Textures are mostly just diffuse colors. No normal maps, no 8k textures. I actually prefer using flat colors over regular texturing workflow (though with some projects I have to make photorealistic stuff, so I end up using Substance Painter or some high-rez texture from online sources).

I don’t know why but I find it easier making low poly objects and find good lighting for the scene. The idea of having super low poly objects and the viewer recognizing what they represent is pretty cool to me.

A few years ago I actually tried doing a few renders  (Random renders & Campsite) using a few objects and trying different palettes. I got a lot of positive feedback for these renders, so it made me push the limits of the “less is more” mentality in the future projects

Lighting

I get asked about the lighting a LOT.

I have some constant light sources that are in every scene (though their color, direction, size, and intensity change in each scene). I always have a directional light and an area light present.
Other than that I use extra ones with different scenes: maybe there’s some window which needs some god rays, maybe a computer screen will emit light etc.

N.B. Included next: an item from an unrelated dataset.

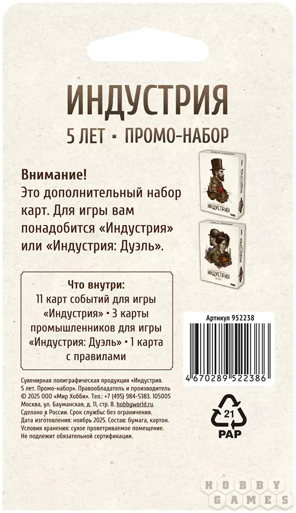 Внимание! Это дополнение. Для игры вам потребуется базовая версия "Индустрия" или "Индустрия: Дуэль". Этот конверт можно будет приобрести отдельно или получить бесплатно при покупке любой игровой продукции серии ("Индустрия", "Индустрия: Интербеллум", "Индустрия: Дуэль", "Индустрия: Набор ресурсов", игровой коврик "Индустрия", а также любых наборов, куда входят перечисленные товары).

Rarely I use some negative light sources so that they absorb light and make certain spots darker. This happens mostly in Halloween themed scenes.

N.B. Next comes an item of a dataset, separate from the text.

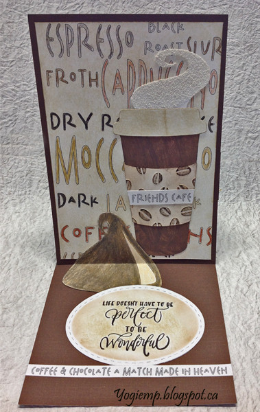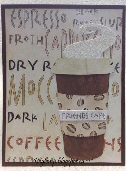 On page 2, I created my background using the Chalkline font and a bunch of coffee related words in various sizes. Resized the lot to fit my card base. Printed out on white cardstock. Colored the letters with Prisma colored pencils, then went over the whole page with a Distress "Antique Linen" pad (PS mine is a bit dry, I'm lazy and don't fill them very often...) Scored and folded my dark brown textured cardstock to create the easel. Adhered another piece same size as card. Then adhered my text background and the coffee cup. Added the "Friends Cafe" on the cup. |

90% of the time I use big lights to get softer shadows, though technically it’s totally wrong since it affects the scale of the whole scene and light sources. I find it visually easier, however. Aren’t we as artists supposed to make beautiful stuff?

Alto Fanart

I’m a big fan of the Alto games and I like making fan art renders whenever I have some free time.
I did a render way back for the first Alto game, and since I got better over the years I decided to do a project Alto’s Odyssey for the new game.

It’s pretty straight-forward when you have some kind of a visual goal.

I started with the main object: the temple-looking structure in the middle with the sun in the back. I didn’t find a good way to make the gradient in the back, it’s actually a plane with an area light between the sun and the plane so it gives the illusion of the gradient in the back. After that, I added some details to the structure and added the bridge and the coins in the middle.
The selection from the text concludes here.